C’est pour moi l’unique vérité. Il est ce que nous sommes et voulons qu’il soit, mais il nous a un peu oublié, car il paraitrait que Dieu est amour. Et pour l’instant, l’amour chez moi est bien foireux.

Il est le verbe. Le verbe est le mot qui structure l’énoncé, la pensée. Il est le principe de la phrase. Le verbe est en nous, c’est pour ça que nous agissons. Il est notre âme. Il est l’esprit. Il est donc nous. Pour les croyants,finalement, nous sommes le sujet. Mais ne serions-nous pas finalement le verbe? Ne sommes-nous pas tous une partie de Dieu, une partie de la création, une partie de la phrase ? L’archi-écriture derridienne.

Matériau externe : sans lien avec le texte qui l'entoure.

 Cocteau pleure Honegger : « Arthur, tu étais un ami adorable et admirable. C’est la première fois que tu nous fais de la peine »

Une phrase sans verbe, de toute façon, n’a aucun sens. D’un autre côté, lorsque l’on y pense, l’homme est souvent un non-sens. Ma vie l’est et avec Anne, elle l’est vraiment. Et sans lui, l’univers continue d’avancer. Nous ne sommes que de pauvres passagers du vent dans le temps qui coule. Lorsqu’une personne tombe dans un coma végétatif, le verbe n’est plus. Ou presque, car tout végétal est Dieu. Car il fait partie intégrante du cycle de la vie.

Le verbe est la création, et la création est la liberté de pensée. Nous sommes libres. Et chercher notre vérité, c’est se comprendre soi-même. Une fois le but atteint, nous ne pouvons qu’aspirer au bonheur, mais le chemin devient long, vraiment trop long.

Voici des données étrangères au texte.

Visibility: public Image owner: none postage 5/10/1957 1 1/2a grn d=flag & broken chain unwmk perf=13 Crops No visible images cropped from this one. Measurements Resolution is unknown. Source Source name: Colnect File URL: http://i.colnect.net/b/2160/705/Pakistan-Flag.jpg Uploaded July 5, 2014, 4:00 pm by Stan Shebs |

Mais avec Anne, les phrases sont désordonnées. Elles deviennent des circonlocutions, des ambiguïtés, des réticences, des détours et des demi-teintes. Nous discourons avec ambages et incidents, avançant sur la pointe des pieds dans un langage de sourds et malentendants. Peut-être arriverons-nous à nous exprimer en langage des signes? Allez savoir? Et le signe qui revient souvent est celui du majeur en l’air ou du bras d’honneur, du bras des déshonneurs. Et on y va en paraphrases malignes et délayées dans nos humeurs contrariées. Et de paraphrases en périphrases, de litotes en euphémismes, nous apostrophons à la gueule de l’autre des déconvenues, des mensonges, des insanités à n’en plus finir, du matin jusqu’au soir. Nous endurons chaque jour le mépris et les injures de l’autre. Et comme pour tout remettre un peu d’ordre, car nos hormones femelles et mâles sont excitées par ce trop plein de jurons, j’en viens à lui bouffer la chatte, et elle s’empale lascivement sur ma queue, bien droite comme un point d’exclamation au bout d’une phrase au petit déjeuner. Puis, comme un con, après, je me retrouve accoudée sur un mur de quai de Seine, trois points de suspension dans la tête. Anne et moi aurons montré pourquoi nos sentiments, avec ses hésitations de prendre la bonne décision jusqu’au terme, ne peuvent qu’être que négatifs. Pourtant, au fond de moi, je sens que cette journée ne commence pas comme je l’avais imaginé et va se baigner d’un caractère imprévu et détonnant.

Face à la Seine, je me retrouve devant les profondeurs de l‘abîme de mon couple. Face à la Seine, de longues et profondes interrogations soulèvent en moi les doutes sur la sincérité de notre couple, sur la réalité de notre pensée, sur l’authenticité de notre vie. De la vie. Anne et moi aspirons au bonheur. Il est venu à nous, mais dorénavant il nous échappe. Nous n’avons pas su le préserver.

Il faudra bien un jour crever l’abcès, ouvrir nos cœurs pour nous libérer de la gravité de nos plaies respectives. Il n’y a désormais plus d’alternative. Il faut bien se rendre compte que rester ensemble ne sert plus à rien. L’amour subit l’inconstance des affections au fil du temps, des ondes et des saisons. L’inconstance est le propre de l’homme. L’être humain est ainsi, femme ou homme, hétéro ou homo, transgenre ou décalé, de nature rêveuse, un peu trouble et toujours flottante comme des nuages vaporeux. Comment alors prendre de nouveaux engagements lorsqu’on doute désormais? Nous ne sommes plus à même de les tenir. D’où nos retraits, nos fuites, notre apparente versatilité dans une existence monochrome faite de pièces vides.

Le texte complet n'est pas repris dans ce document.